Mazel Tov!

The Ohio Department of Aging inducted retired social worker and current Dayton Jewish Family Services volunteer Connie Blum into the Ohio Senior Citizens Hall of Fame in Columbus, Sept. 10 for her decades of service in the region. Blum is among 10 older Ohioans inducted to the Hall of Fame this year for lifelong contributions to their communities, professions, and vocations. They join more than 500 who have been inducted to the Hall of Fame since 1977.

Connie retired about 30 years ago from her career as a social worker with the JCC and JFS and became a volunteer Certified Medicare Counselor through the Ohio Senior Health Insurance Information Program (OSHIIP). She’s been volunteering in this capacity for 28 years, helping more than 100 Medicare beneficiaries a year navigate the challenges of understanding Medicare.

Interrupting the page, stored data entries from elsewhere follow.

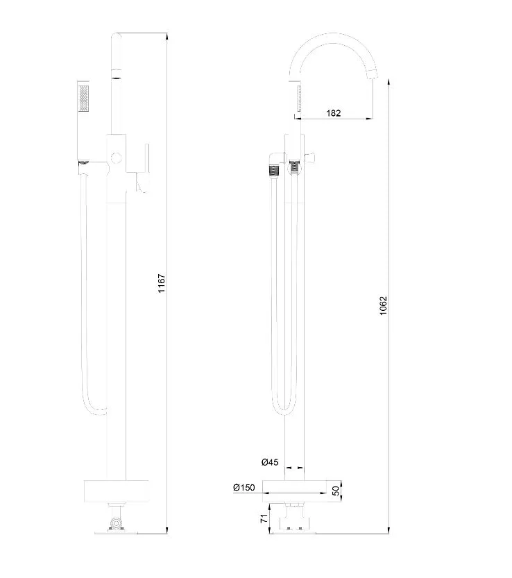 - Душевой шланг с защитой от перекручивания: 150 см.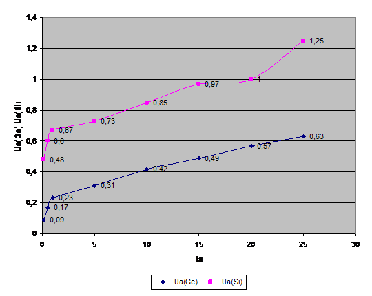 Se calculeaza rezistentele de c.c (R=UA/IA) si de semnal mic (ri=dUA/IA) ale diodelor in punctele Ia=1mA, 10mA si 20mA. Pentru aceleasi puncte se determina tensiunea de prag UD, prelungind tangenta la caracteristica in punctul considerat pana cand intersecteaza axa absciselor.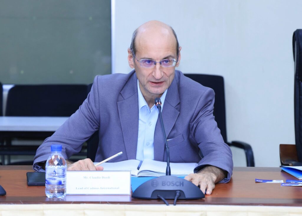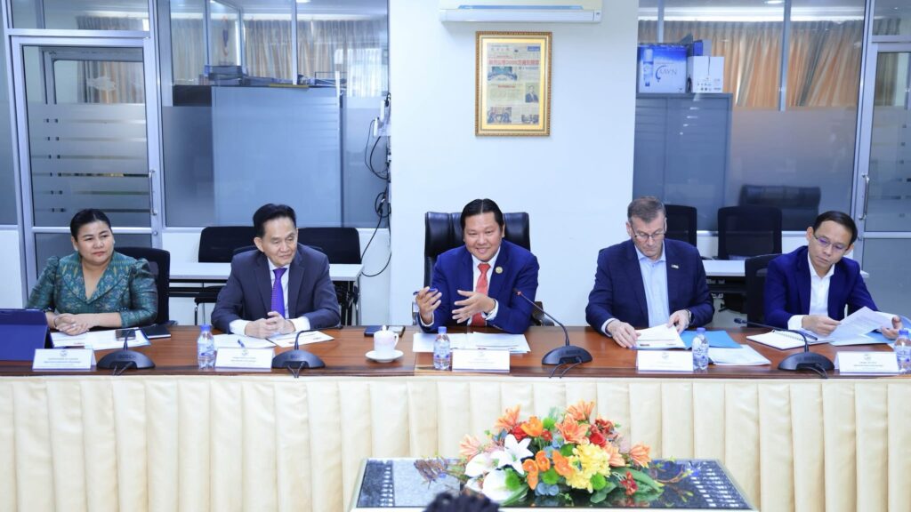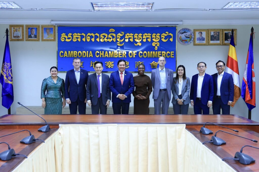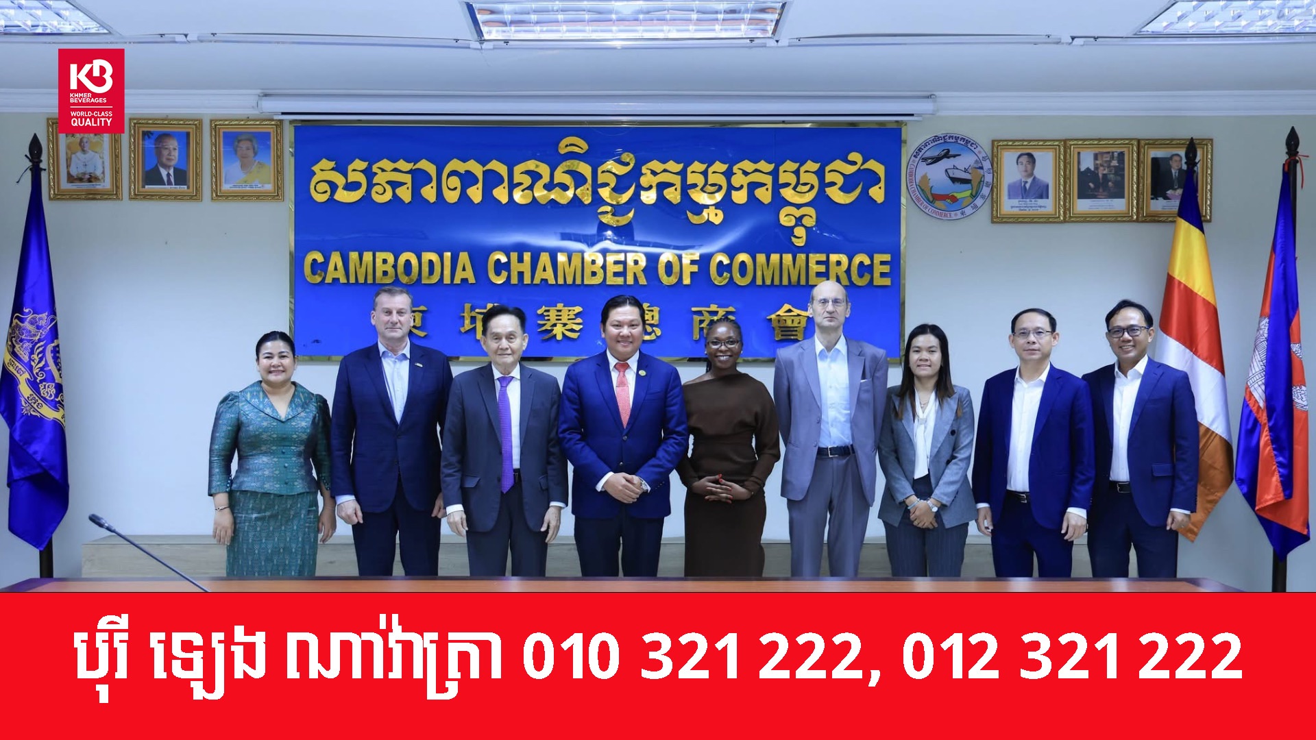 រាជធានីភ្នំពេញ៖ នារសៀលថ្ងៃពុធ ទី២៦ ខែសីហា ឆ្នាំ២០២៥ ឧកញ៉ា គួច ផេង អនុប្រធានសភាពាណិជ្ជកម្មកម្ពុជា តំណាង អ្នកឧកញ៉ា គិត ម៉េង ប្រធានសភាពាណិជ្ជកម្មកម្ពុជា និងជាប្រធានក្រុមប្រឹក្សាពិគ្រោះយោបល់ធុរកិច្ចអាស៊ានសម្រាប់កម្ពុជា បានទទួលជួបពិភាក្សាការងារជាមួយ លោកស្រី ម៉ាហ្កាលី លូតា (Magali Loota) លេខាទី២ទទួលបន្ទុកផ្នែកសេដ្ឋកិច្ចនៃស្ថានបេសកកម្មចក្រភពអង់គ្លេសប្រចាំនៅអាស៊ាន និង លោក ក្លូឌីយ៉ូ ខតឌី (Claudio Dordi) ប្រធាន Cadmus International។

In 1978, Blum established a daily lunch program for older adults, as well as numerous social, educational, and recreational activities in her position of director of programs and services for seniors at the Dayton JCC.
Last year, Connie was honored by the National Senior Health Insurance Information Program at the U.S. Administration for Community Living Office of Healthcare Information and Counseling national conference. In 2024, she was also named Outstanding SHIP Volunteer. “Whether it’s short phone calls or investing hours over weeks to assist others, Connie’s support during her work with the Ohio OSHIIP knows no bounds,” ODA’s announcement of Connie’s honor noted. And Connie continues on: During Medicare’s annual open enrollment period, Oct. 5 through Dec. 7, she’ll give talks and presentations on Medicare updates to a variety of retiree groups while also counseling numerous individuals.

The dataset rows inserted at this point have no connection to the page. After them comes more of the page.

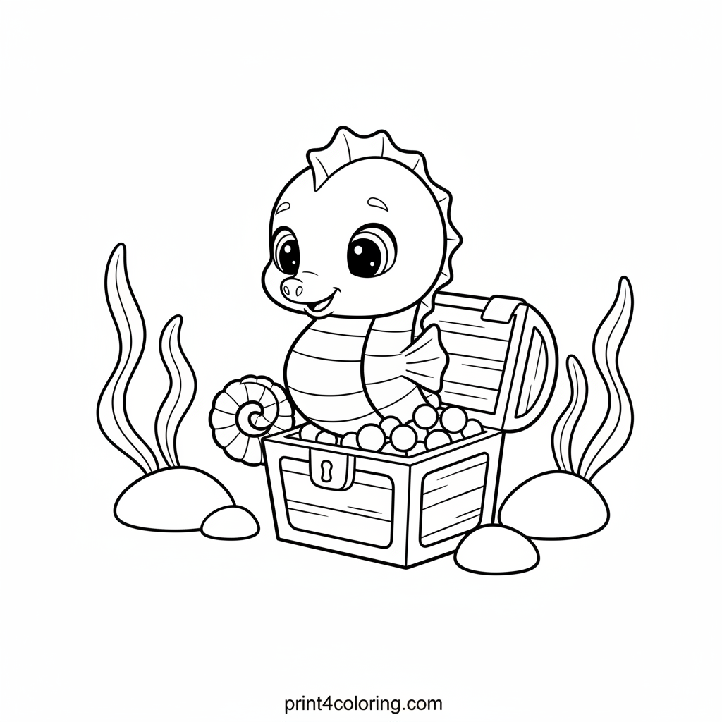 Baby Seahorse's Sparkling Treasure Coloring Page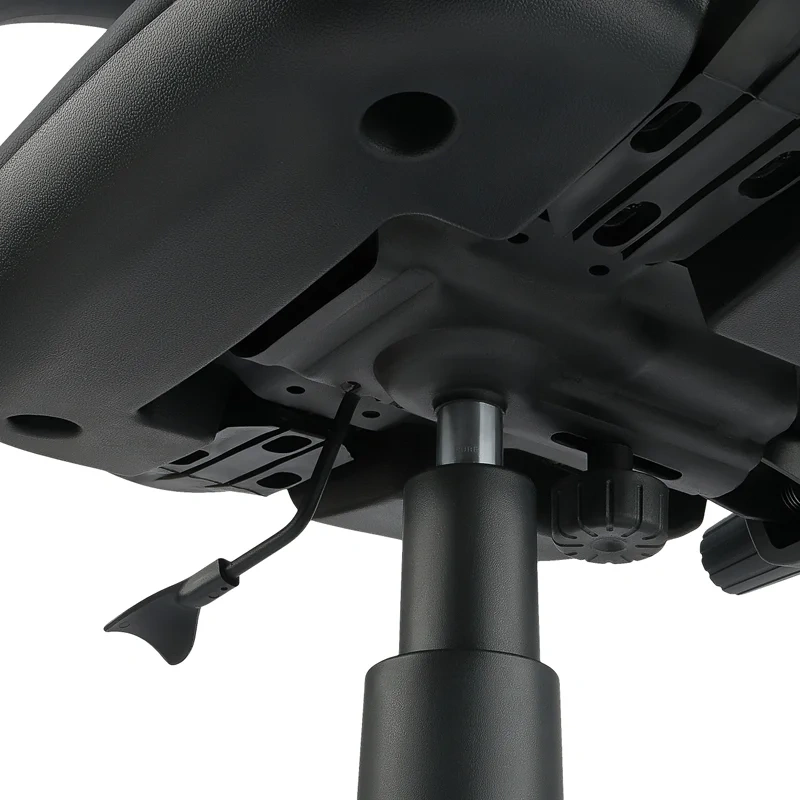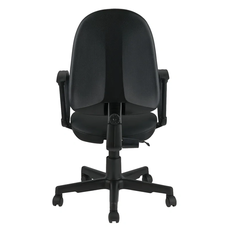 Максимальная нагрузка – 100 кг. Газпатрон 2 категории. Каркас – немонолитный, материал набивки – поролон, крестовина – пластик, материал обивки – чёрная экокожа. Механизм регулировки кресла по высоте, со свободным ходом отклонения спинки кресла и регулировкой жесткости, но без какой-либо фиксации.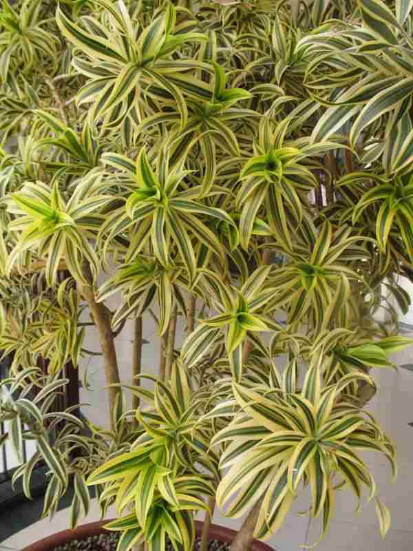 Dracaena reflexa 'Variegata': This variant has bright, lime-yellow leaf margins that contrast with dark green on the rest of the leaf. The foliage's light color matures to a creamy white with age, making the contrast even more prominent. Dracaena reflexa 'Song of Jamaica': This rare variant features stems that grow at unusual angles and bend down as the plant matures.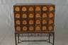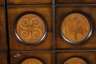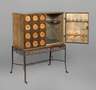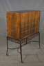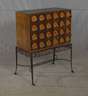 1950er Jahre, auf Rollen gelagertes schmiedeeisernes Gestell, darauf zweitüriger Schrank aus grünlich gebeiztem Buchenholz, die Türen mit brandschattierten Intarsien verziert, kreisrunde Floralelemente und Runen, innen mit schwarzem Glasboden und verspiegelter Rückwand, ein schmiedeeisernes Zierelement lose beigegeben, sonst guter Zustand, mit Schlüssel, Maße 94 x 71 x 35 cm.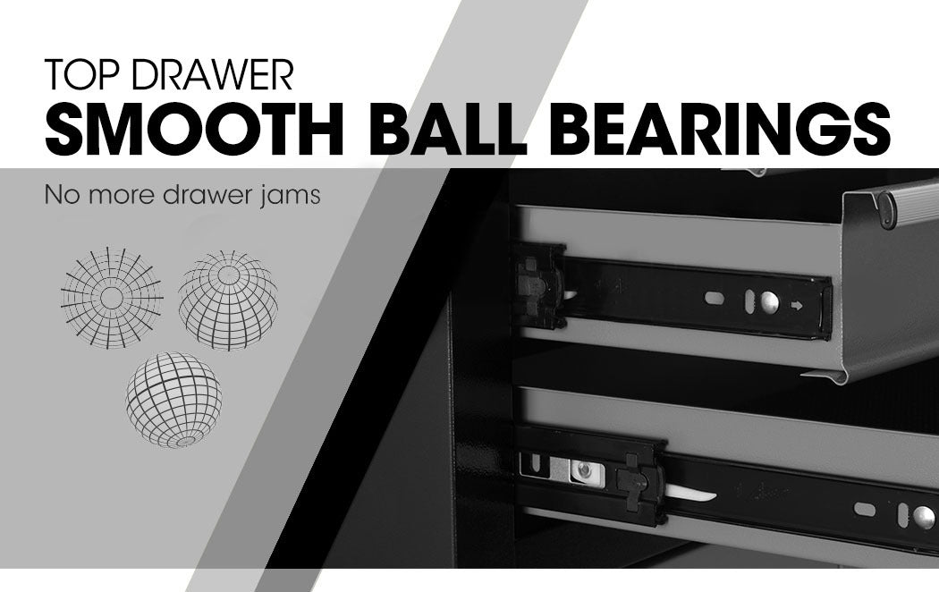 A superior tubular cam-lock system provides optimal security, with lockable drawers being perfect for storing valuable or often "borrowed" items, and the lower cabinet suitable for bulkier tools. Each drawer slides effortlessly in and out on smooth ball bearing rails, and mesh grip liners ensure your tools stay put when transporting. The cabinet also has a handy pegboard side panel offering the option to hang items.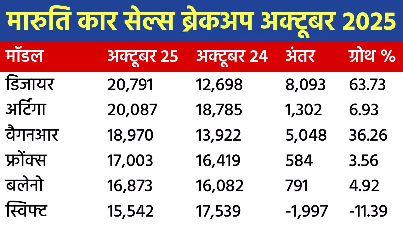 Maruti Sales Breakup October 2025: मारुति सुजुकी इंडिया ने अपनी अक्टूबर 2025 सेल्स का ब्रेकअप जारी कर दिया है। कंपनी के भारतीय पोर्टफोलियो में 17 मॉडल हैं। सियाज उसका 18वां मॉडल था, जिसे कंपनी अप्रैल में बंद कर चुकी है। कंपनी ने पिछले महीने 1,76,318 गाड़ियां बेचीं। जबकि अक्टूबर 2024 में 1,59,591 यूनिट बेची थीं। यानी मारुति को 10.48% की सालाना ग्रोथ मिली। कंपनी के लिए पिछले महीने सबसे ज्यादा बिकने वाली कार डिजायर रही। चलिए कंपनी की सेल्स ब्रेकअप को देखते हैं।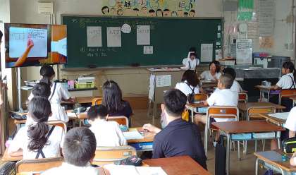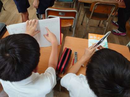 1度たてた商では計算できない場合のわり算の筆算の仕方を学習しました。これまでの学習内容を踏まえ、友だちとの考えの交流も活発にできました。自分の考えを書いたノートやボードを書画カメラを使って大型モニターに映し、説明もしました。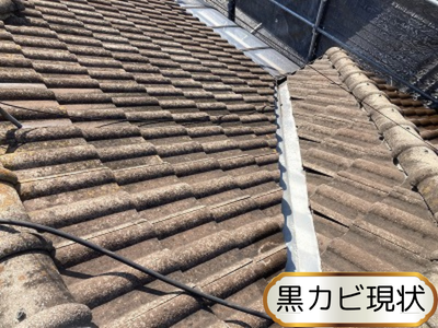 屋根のの上りモ二エル瓦を確認いたしました。黒カビがすごいですね!左の写真に関しては谷板金で左右で色が違いますよね!右はモ二エル瓦にはスラリー層と呼ばれる、コンクリートの保護する、無機質着色剤を1mm以上の厚さで塗布)によって形成される着色層のことです。スラリー層のを落とさないと塗装をしても色は乗りますが即剥がれますね!

Peter Benkendorf, founder of The Collaboratory, says the Miami Valley Medical Debt Relief Campaign is at nearly 85% of its $125,250 goal. A project of The Collaboratory, its aim is to eliminate more than $22.75 million in medical debt facing more than 13,000 people in the Miami Valley who earn less than four times the federal poverty level or whose debt is more than 5% of their income. “For every $100 given, we can retire $17,000 in medical debt,” he says. Dayton’s Jewish Family Services is a collaborator on the campaign. ” We have separated the counties to encourage even more localized support to go along with our overall seven-county effort,” Peter says of the campaign’s strategy. “The biggest support has come from Greene County, where a campaign led by the Greene County Democratic Party exceeded its goal by slightly more than $3,000, and Clark County. Their debt of $62,000 accounted for almost 50% of the total goal, as community leaders, foundations, and some very generous individual philanthropists stepped up big-time.”
Through Nov. 2, works from the 2025 Max May and Lydia May Memorial Holocaust Art and Writing Contest are on view at The Dayton Art Institute. Named in memory of the grandparent of Renate Frydman, director of the Dayton Holocaust Resource Center, the annual competition invites students in grades five through 12 across the Miami Valley to reflect on the history and lessons of the Holocaust through art and writing. This year’s theme was Eighty years after the Holocaust, the Second Generation shares the history of their families. Never Again, Never Forget.

Antioch College in Yellow Springs will dedicate an Ohio Historical Marker on campus Oct. 2 in honor of Class of 1950 alumnus Rod Serling, who created and hosted televisions’ The Twilight Zone. The date marks the premiere of the iconic anthology series in 1959. That evening, the Yellow Springs Film Festival will present a tribute to Serling at its opening ceremony. Guests will include Serling’s daughter, Anne Serling. The program will include a live performance of one of Serling’s radio plays, and a screening and discussion of a classic Twilight Zone episode. After his army service in World War II, Serling, who hailed from upstate New York, attended Antioch College. There, he met his wife, Carol Kramer, and became involved with the campus radio station. As part of Antioch’s work-study program, he worked at WNYC radio station in New York. His writing career began in 1950 as a continuity writer for WLW radio in Cincinnati; Serling then made the jump to television, writing for Cincinnati’s WKRC-TV. He died in 1975.